Co-Authored-By: Claude Opus 4.8 <noreply@anthropic.com>

papers/medial_tire_decompositions_of_plane_triangulations/experiments/chained_seam_findings.md

@@ -0,0 +1,78 @@
+# Chained seams: the medial pigeonhole, located
+
+Companion to the interface-alphabet results (`kempe_interface_admissibility_probe.py`,
+`kempe_tile_overlap_probe.py`). This note pursues the paper's §6 *medial pigeonhole
+programme* — the restriction relation `R_T` between a tire's outer and inner boundary
+states, and the open *chain-pigeonhole conjecture* — at the data level.
+
+Scripts: `kempe_transfer_relation_probe.py`, `kempe_uniform_family_probe.py`.
+
+## Background
+
+A nested chain `T_0 ⊃ T_1 ⊃ …` glues into a proper 3-colouring of `M(G)` iff
+consecutive boundary states match: `inner-state(T_i) = outer-state(T_{i+1})`
+(compatible family, paper Prop "gluing criterion"). Boundary states are necklaces
+(colours permuted, boundary walk rotated/reflected). The restriction relation
+
+```
+R_T ⊆ outer-states × inner-states
+```
+
+records which (outer, inner) boundary-state pairs one Kempe-balanced colouring of `T`
+realises jointly.
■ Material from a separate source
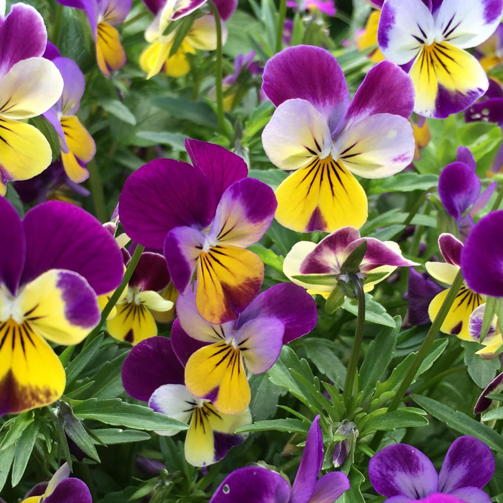 Обои Нежные садовые цветы анютины глазки на клумбе

The chain-pigeonhole conjecture asks whether nested `R_T`'s can ever
+compose to empty.
+
+Established earlier: the realised boundary alphabet (each side) is exactly the full
+parity-admissible set, identical inner vs outer, `n`-independent (n=9, n=12, m=3..8);
+and every *pair* of tiles overlaps, so single seams never dead-end.
+
+## Finding 1 — `R_T` is genuinely coupled
+
+`R_T` is **not** a product of its projections: a tile's inner boundary necklace
+constrains its outer one. Seen at n=9 in the `(p,q) = (4,5)` and `(5,4)` size classes
+(`product? = False`), and broadly at n=12. So "every seam individually realisable"
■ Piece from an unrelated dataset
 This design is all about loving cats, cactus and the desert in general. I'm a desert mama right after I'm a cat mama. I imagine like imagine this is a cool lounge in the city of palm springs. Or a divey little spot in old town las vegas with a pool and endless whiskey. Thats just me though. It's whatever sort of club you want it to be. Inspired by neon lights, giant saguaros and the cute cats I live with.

+does **not** trivially pass through a tile.
+
+## Finding 2 — the uniform shortcut works at n=9, breaks at n=12
+
+Question: is there one boundary state `σ_m` per level-cycle *size* that threads every
+tile simultaneously (outer face and every inner face)? If so, painting every level
+cycle `σ_m` glues any tree with no pigeonhole.
+
+- **n=9: FEASIBLE.** Unique universal per size (`|D[m]| = 1`), and notably *not*
+  monochromatic — the balanced-block necklaces
+
+  ```
+  σ3 = 012   σ4 = 0011   σ5 = 00012   σ6 = 000011
+  ```
+
+  threads all 66 tiles. (Caveat: n=9 has **no** branching tiles.)
+
+- **n=12: INFEASIBLE.** 1237 tiles (1029 bite, 175 genuinely branching). The CSP fails
+  for one sharp reason: **size-7 seams admit no universal state** (`|D[7]| = 0`). The
+  211 size-7 boundaries realise all 10 admissible necklaces between them, but their
+  intersection is empty — the near-universal `0001112` lands on **210 of 211**,
+  blocked by a single tile.
+
+Per-size universal domain sizes at n=12: `3:1  4:1  5:1  6:2  7:0  8:4  9:1`.
+
+## Finding 3 — interpretation
+
+Universals vanish as the tile population grows (more boundaries of a given size → more
+sets to intersect → empty), so the "paint every seam identically" shortcut is doomed
+at scale; the per-interface pigeonhole choice is genuinely necessary. **But this is
+not an obstruction to gluing** — pairwise overlap still always holds, so chains still
+glue by choosing states per interface. We have *located why the conjecture is hard*:
+the difficulty lives in the non-uniform, branch-coupled selection across the tree,
+exactly where the paper's pigeonhole sits — not in any single seam or a uniform
+assignment.
+
+## Open threads
+
+- **Odd-size seams are the pressure point.** Uniformity first fails at size 7 (odd);
+  small odd sizes 3, 5 kept unique universals. Does every large odd size lose its
+  universal as `n` grows? (tracked below / in follow-up).
+- **The 210/211 near-miss.** A single tile blocks the size-7 universal — identifying
+  the "universal-breaker" tiles may expose the combinatorial core.
+- **Branch-tree composition.** n=12 has 175 true branching tiles; composing `R_T`
+  along actual trees (not just per-size uniformity) is the conjecture proper.